News of the World, which takes place shortly after the Civil War, follows a former printer named Jefferson Kidd (Tom Hanks) as he travels from town to town reading newspapers aloud to gathered, paying audiences. In an early scene, Kidd finds himself in the difficult situation of having to report to a Texas crowd that President Ulysses S. Grant has ordered their state to comply with the newly ratified 13th, 14th, and 15th amendments to the Constitution. The angry throng jeers Kidd and threatens the Union soldiers (the “northern blues”) at the back of the room, but Kidd manages to defuse the situation with a particularly Hanksian speech about these being “difficult times.”
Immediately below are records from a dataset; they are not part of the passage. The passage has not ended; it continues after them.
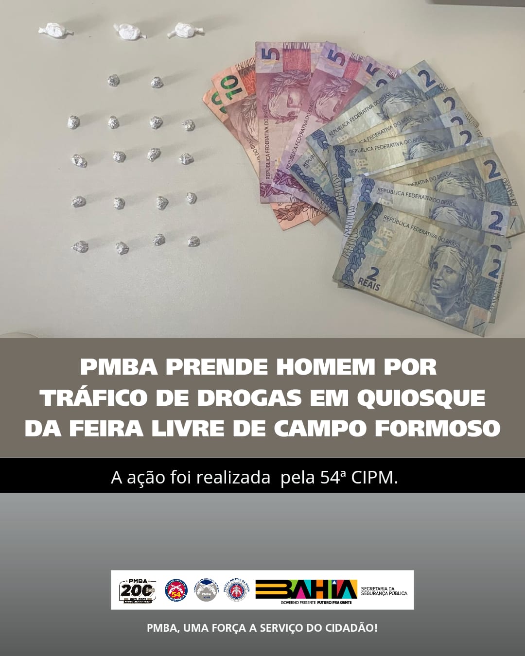 Por volta das 14h30, desta quinta-feira, 28/08, guarnição da 54ª CIPM durante rondas pela praça da feira livre de Campo Formoso – Ba, recebeu denúncia via central telefônica da unidade acerca de um intenso tráfico de drogas nas proximidades dos quiosques.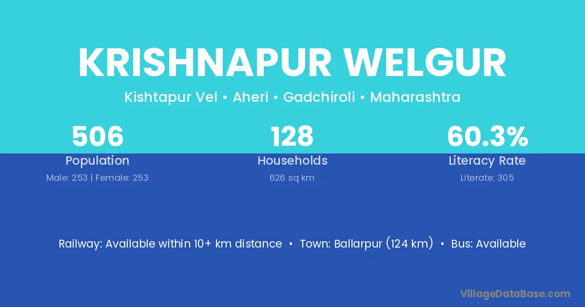 Ballarpur (124 km) is the nearest town to Krishnapur Welgur village for major economic activities and is located approximately 124 km away.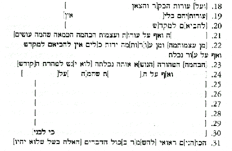 [...before the Priest commanding](1) the Many, and he freely accepted His judgement when He said by the hand (2) of Moses regar[ding] the person who sins inadvertently, ‘let such a one bring (3) [his] sin offering [or] his guilt offering.’ And concerning Israel it is written, ‘I shall ascend (4) to [the Highest in Heaven, and there will not smell the fragrance of their offerings.’ And in another place (5) it is written, ‘return to God with weeping and fasting.’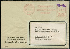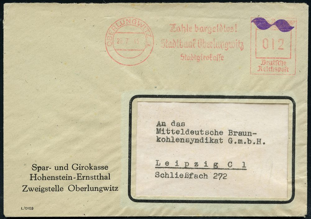 | 3724 | 75 € | SOWJETISCHE BESATZUNGSZONE (1945-49) : OBERLUNGWITZ 1/ Zahle bargeldlos!/ Stadtbank Oberlungwitz.. 1945 (26.7.) sehr seltener AFS Francotyp "Reichsadler" mit violetter T i l d e überstempelt!, Dürst-Eich-Katalog unbekannt! , Firmen-Fern-Bf., sign. LOKNOT (Dürst unbekannt = Unikat !) | | |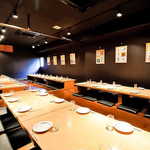 ◇◆2階 座敷完全個室1組限定!見通しよく皆様で盛り上がれる空間◆◇ 歓送迎会などの各種宴会、パーティーなど様々なシーンで便利にご利用いただける宴会個室をご用意しました。最大60名様までご利用可能です。完全個室なので、周りを気にせずに存分に盛り上がれます。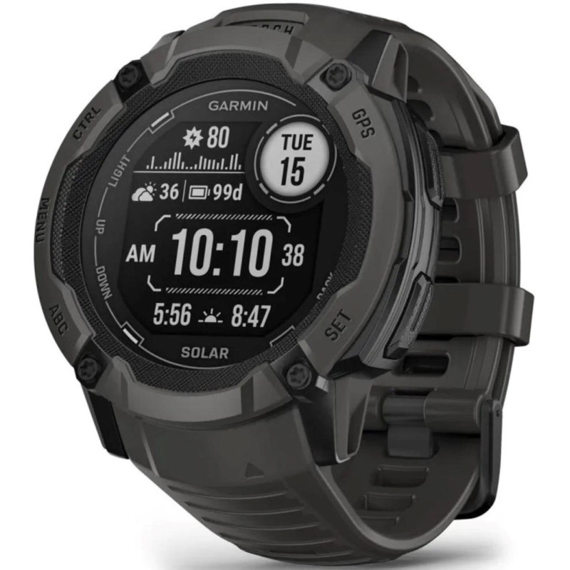 Розумний годинник Instinct 2X Solar розроблений для використання в суворих, вимогливих умовах. Його виняткова довговічність зумовлена використаними матеріалами – армованим волокном полімером та міцним силіконом. Годинник пройшов випробування на водонепроникність, ударостійкість та стійкість до перепадів температур відповідно до військових стандартів США. Він також може похвалитися водонепроникністю 10 атм, що дозволяє занурювати його на глибину до 100 метрів, не знімаючи його. Інші ключові особливості пристрою включають стильне оздоблення, графітову кольорову гаму та можливість заміни ремінця на інший колір.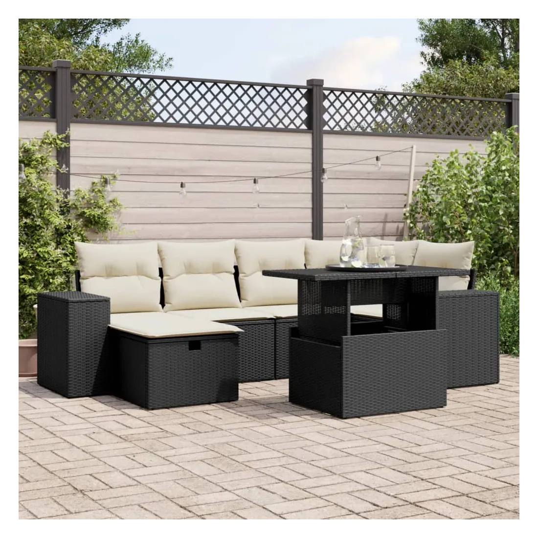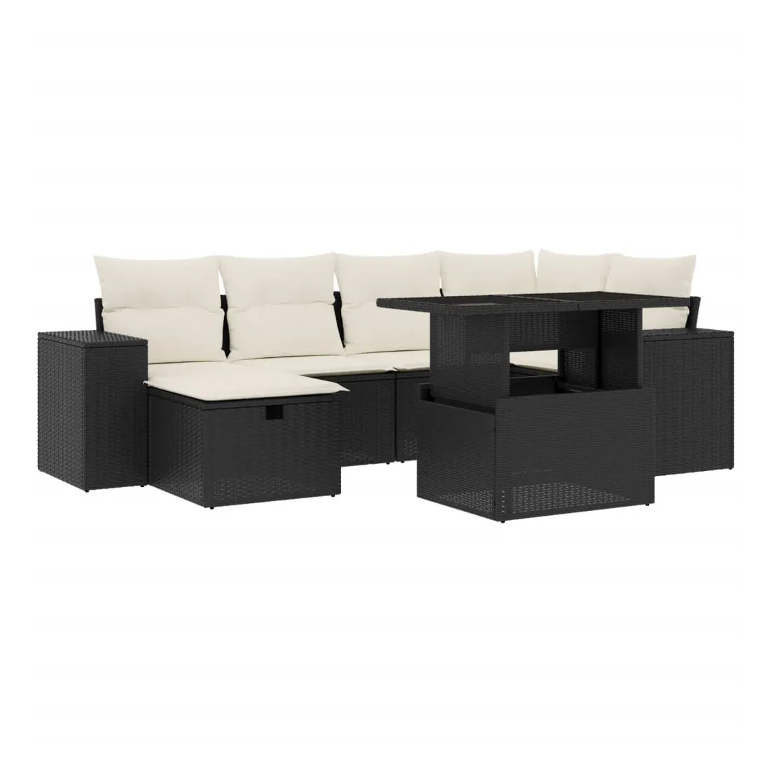 Cet ensemble de canapés de jardin est le complément parfait de votre arrière-cour, terrasse ou patio, offrant un espace confortable et accueillant pour discuter avec la famille et les amis ou simplement se détendre et profiter de l'extérieur. Matériau durable : la résine tressée, également connue sous le nom de poly rotin, est un matériau synthétique solide et nécessitant peu d'entretien qui ressemble au rotin naturel. Il est léger, facile à nettoyer et couramment utilisé pour les meubles d'extérieur en raison de sa durabilité et de ses propriétés de résistance aux intempéries.Dessus de table réglable : le dessus de table peut être soulevé pour rendre la table plus haute, ce qui transforme la table d'extérieur d'une table basse à une table de salle à manger. Elle est parfaite pour recevoir des invités ou prendre des repas à l'extérieur.Dessus en verre : le dessus de la table d'extérieur est fabriqué en verre trempé solide et durable, ce qui le rend facile à nettoyer avec un chiffon humide et ajoute une touche d'élégance à votre espace extérieur.Housse amovible et lavable : ces coussins de siège sont dotés de housses amovibles pour un lavage et un entretien faciles.Conception modulaire : cet ensemble de meubles d'extérieur a une conception modulaire, ce qui le rend complètement flexible et facile à déplacer, afin que vous puissiez créer un agencement de meubles d'extérieur personnalisé. Bon à savoir :Pour que vos meubles d'extérieur restent beaux, nous vous recommandons de les protéger avec une housse imperméable.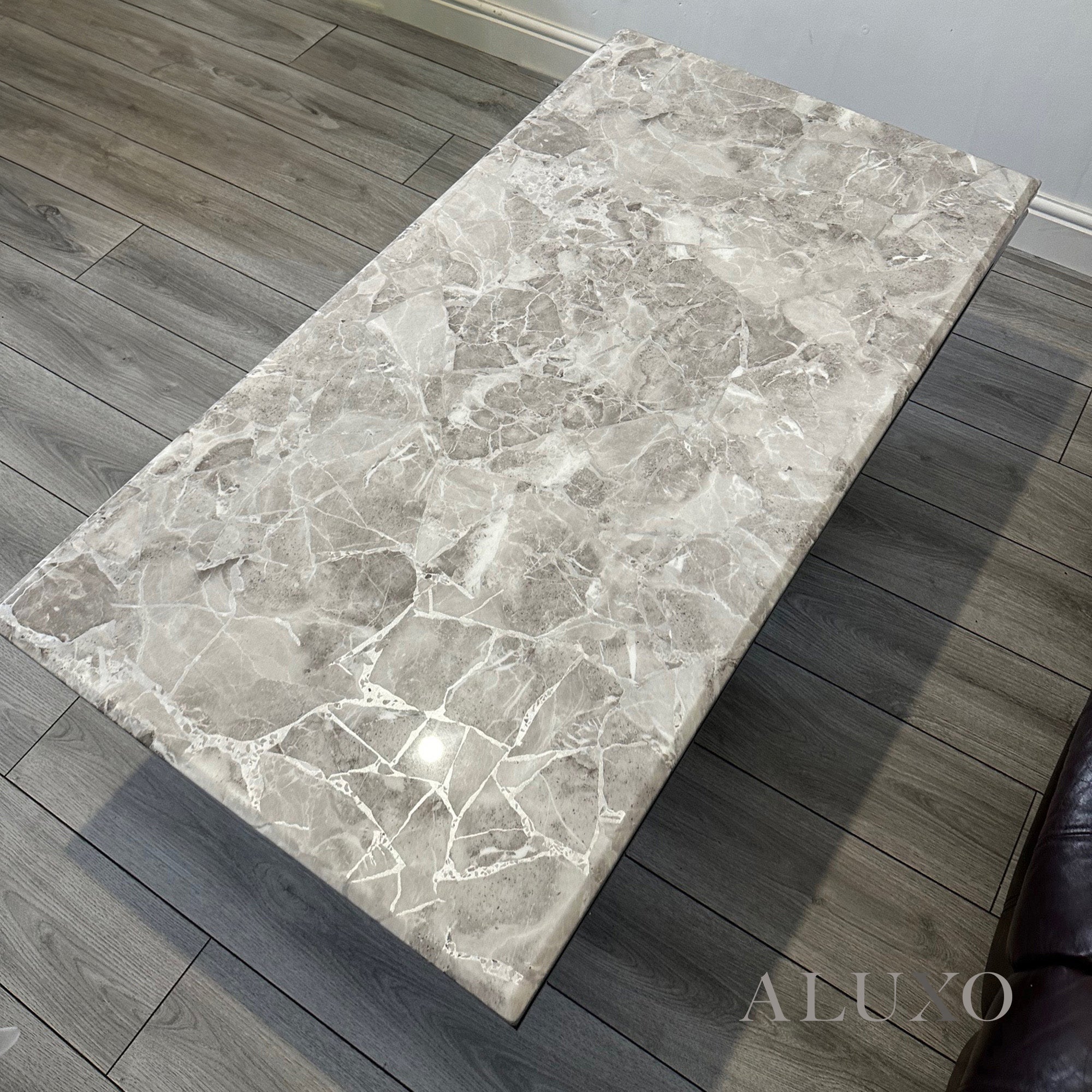 The unique natural marble patterns ensure that each piece is truly one-of-a-kind, while the smooth surface makes maintenance effortless and cleaning simple. Aluxo-Dim:Aksel130Grey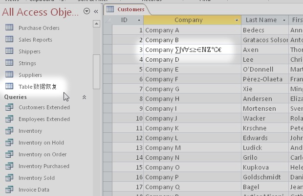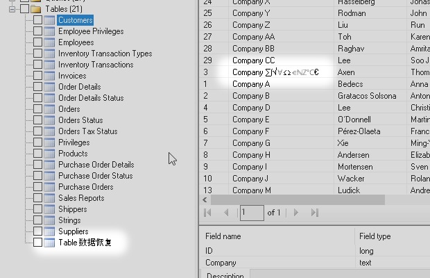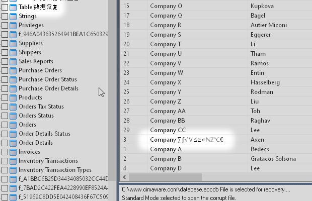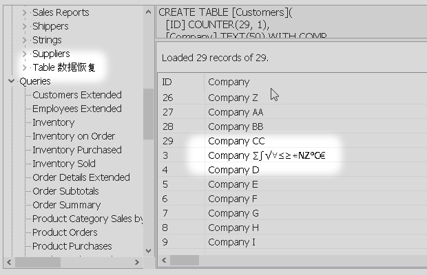 This means that, after the recovery process, data that the application cannot read will be lost. Depending on the tool, these are: Indexes, Table relationships, Calculated fields, Field properties, such as Default value, Date or number format, Comments or Validation rules. Regarding the content, Unicode texts (not western and other symbols) and some field types such as Attachment or Decimal (variable precision numerical) may be missing.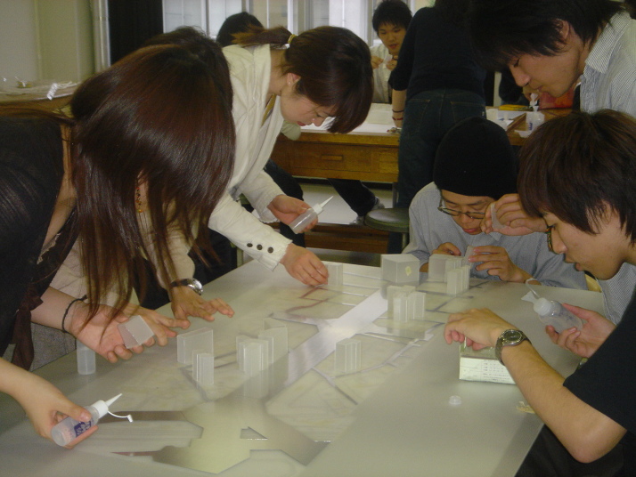 今回私たちは東京の渋谷区にある「表参道」の模型を作りました。「表参道」は数多くの有名建築家による建物が軒を連ねており、世界に誇れる今最も熱い建築スポットです。その中から「Dior」「TOD's」「PRADA」の三作品を取り上げ、発表しました。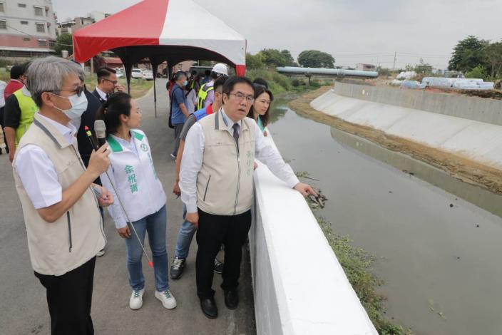 【民進日報記者凃政宏台南報導】台南市長黃偉哲為改善新化市區積淹水問題,積極向中央爭取改善經費,總計投入2億9000多萬元要整治虎頭溪護岸及排水。今(15)日並率隊前往視察虎頭溪排水離子尾橋至穗芳橋護岸治理工程,市議員余柷青也到場關心。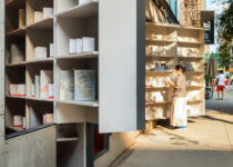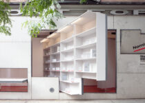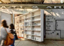 Ao estender os icônicos painéis rotativos na fachada da galeria criando estantes que invadem o espaço público da calçada, Abruzzo Bodziak prepara o palco para uma exposição moldada pela participação e diálogo do público. As prateleiras, construídas em MDF pintado, contêm uma seleção de livros de arquitetura icônicos publicados nos últimos 35 anos, selecionados pela recente “Pesquisa Global” da livraria. Os livros são destacados com a ajuda de molduras personalizadas em alumínio, que também exibem breves declarações que recontextualizam sua relevância. As prateleiras são preenchidas ao longo da exposição com contribuições adicionais de editores, organizações sem fins lucrativos, coletivos criativos e visitantes. Ao permanecer relativamente escassa, no entanto, as prateleiras sugerem uma trajetória para o futuro dos livros de arquitetura a serem escritos ainda.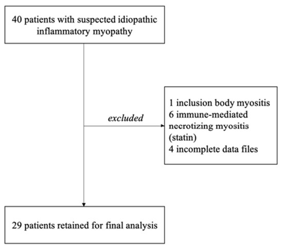 In total, 44 patients were identified to have idiopathic inflammatory myopathies (IIMs); among them, 29 patients were retained for the final analysis (Figure 1).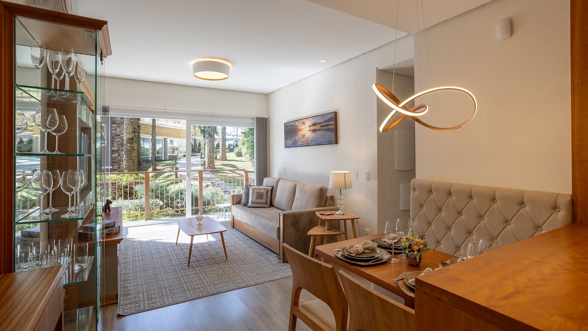 -----VOCÊ VAI SE ENCANTAR!----- Novinho e c/ uma decoração impecável. 1 suíte; Sala c/ sofá-cama; Wi-fi; Ar condicionado; Lareira; Cozinha completa c/ eletrodomésticos; Churrasqueira; Piscina térmica coberta; Sala de jogos; Playground; Vaga de garagem; Sacada c/ linda vista. -------EXCELENTE LOCALIZAÇÃO------- 200m do Super Carros/ 400m Exceed Games/ 800m Museu do Automóvel/ 4min Mundo a Vapor/ 7min Centro de Gramado/ 7min Mini Mundo/ 8min Centro de Canela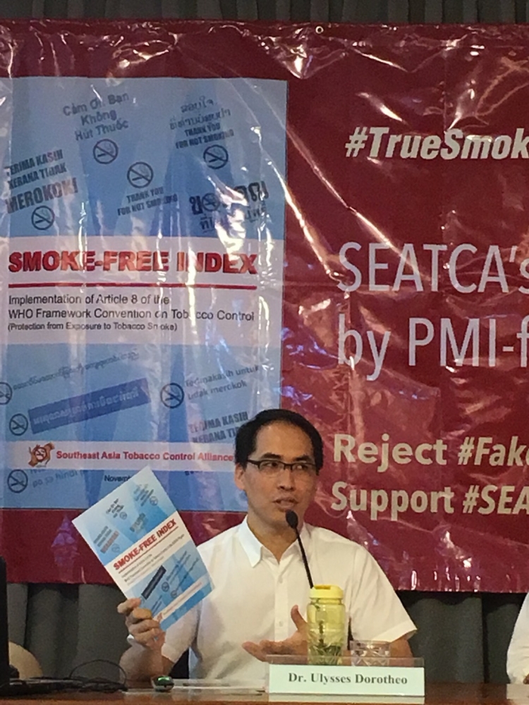 “Conveniently, these actions of FSFW address a PMI concern that was identified in a 2014 PMI Corporate Affairs presentation made public by a Reuters investigative report in 2017: “We’re still building ASEAN-wide counterweights to SEATCA, the major ATO [anti-tobacco organization] in Asia.”[4] With this copycat Smoke-Free Index, PMI is therefore able to hit two birds with one stone,” Dorotheo added.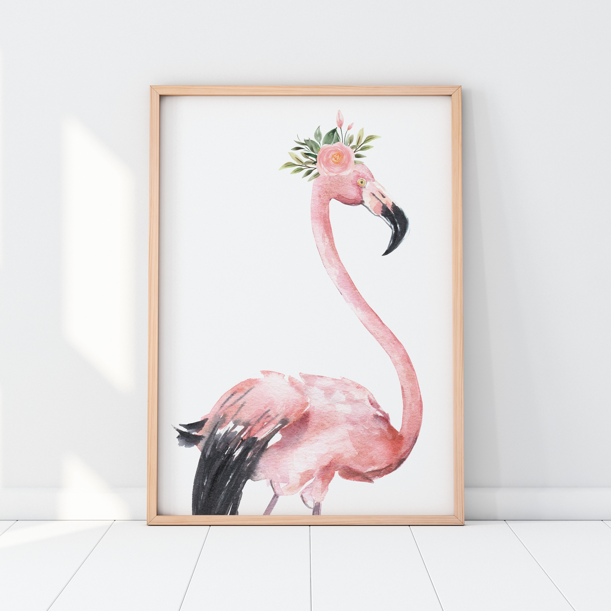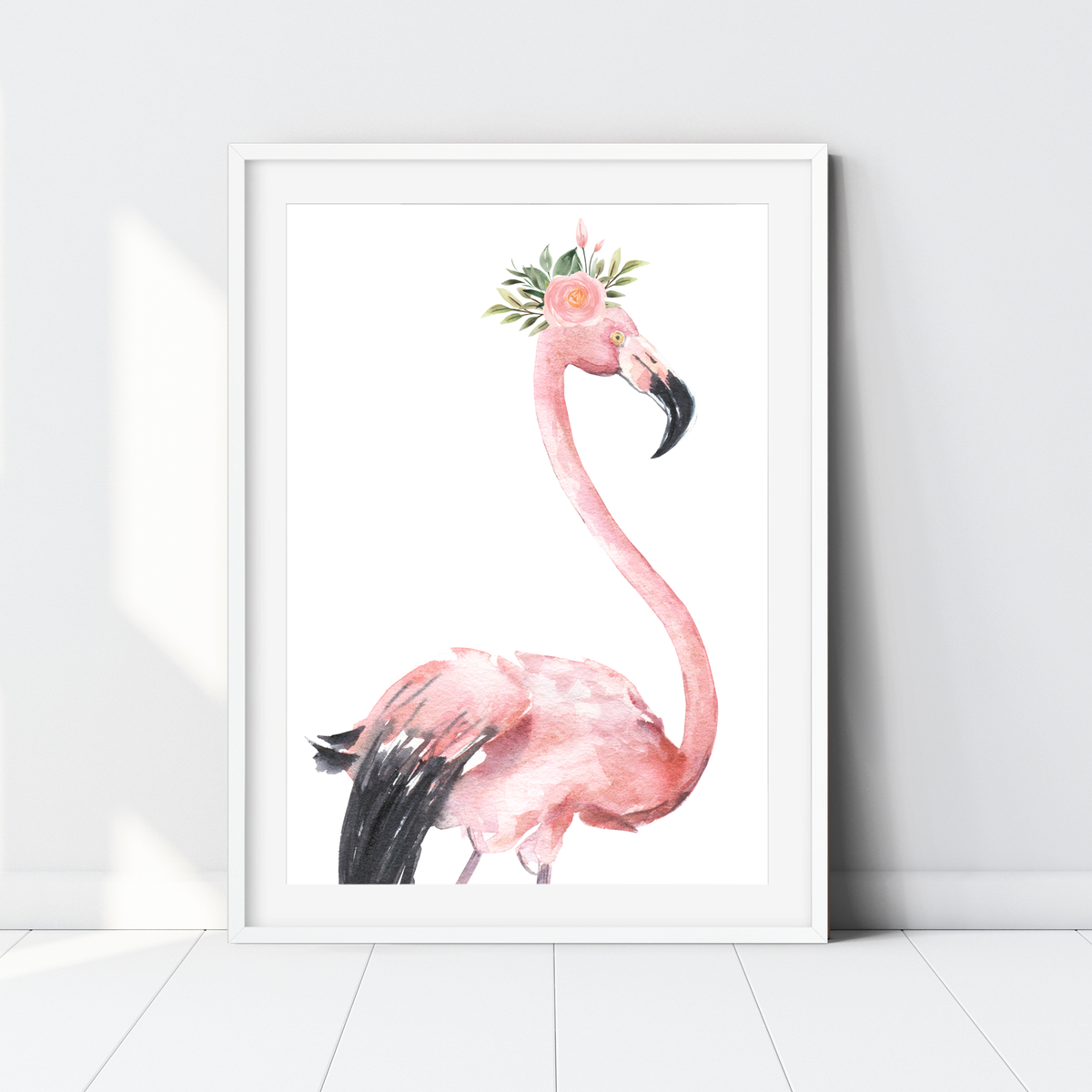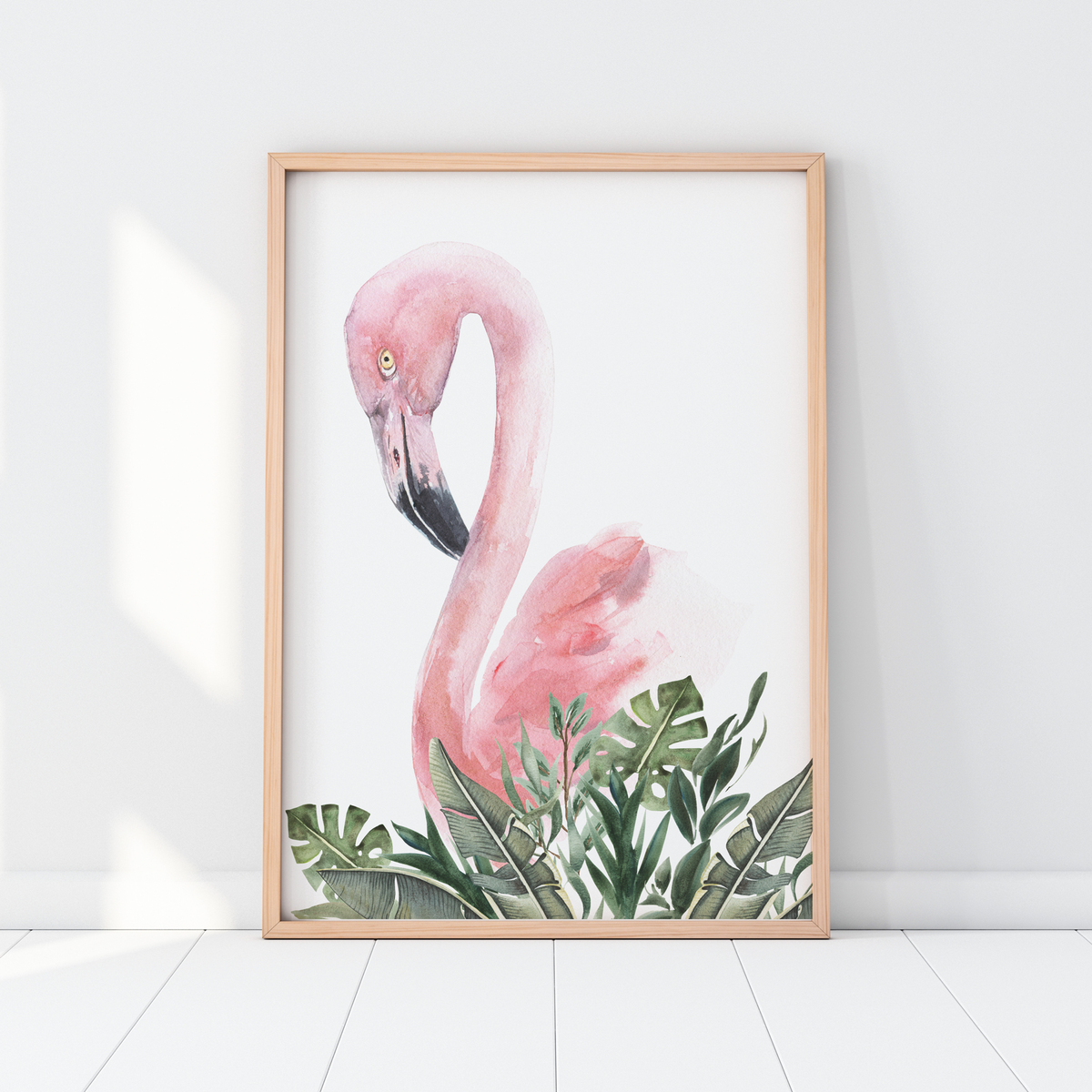 A beautiful addition to your child's nursery or bedroom is this set of 3 watercolour art prints, featuring two tropical flamingos nestled among greenery and a floral embellished letter print.

I watched News of the World less than a week after MAGA traitors, aggrieved that their Dear Leader had been voted out of the White House, violently invaded the U.S. Capitol, desecrating the building and causing five deaths. To say that this particular scene in News of the World—indeed, that much of the movie—felt like wish fulfillment in the aftermath would be an understatement. If he had tried to say a few words, Tom Hanks would have been trampled on the Capitol steps. (It’s worth noting that the 14th amendment declares that any elected official found to aid in insurrection can never hold public office again. Ahem.)
Even taking a step back from current events, News of the World registers as a fine film at best. Hanks is sturdy, though this is also one of those performances where there isn’t much surprise in those kindly eyes. Paul Greengrass directs, going for a laconic aesthetic that’s more of a piece with the Western genre than the rest of his handheld, Bourne-heavy filmography. The main narrative, meanwhile, involves a young German girl (Helena Zengel) who was kidnapped as a baby by a Kiowa tribe and rescued years later by Union soldiers. Kidd is charged with returning her to her surviving relatives, but she doesn’t want to leave the Kiowa, the only family she’s ever known. Their relationship plays out as you might expect, given Mr. Rogers is in the saddle. It’s more wish fulfillment, of the sort that rings hollow in the context of the movie’s combustible time in history, to say nothing of our own.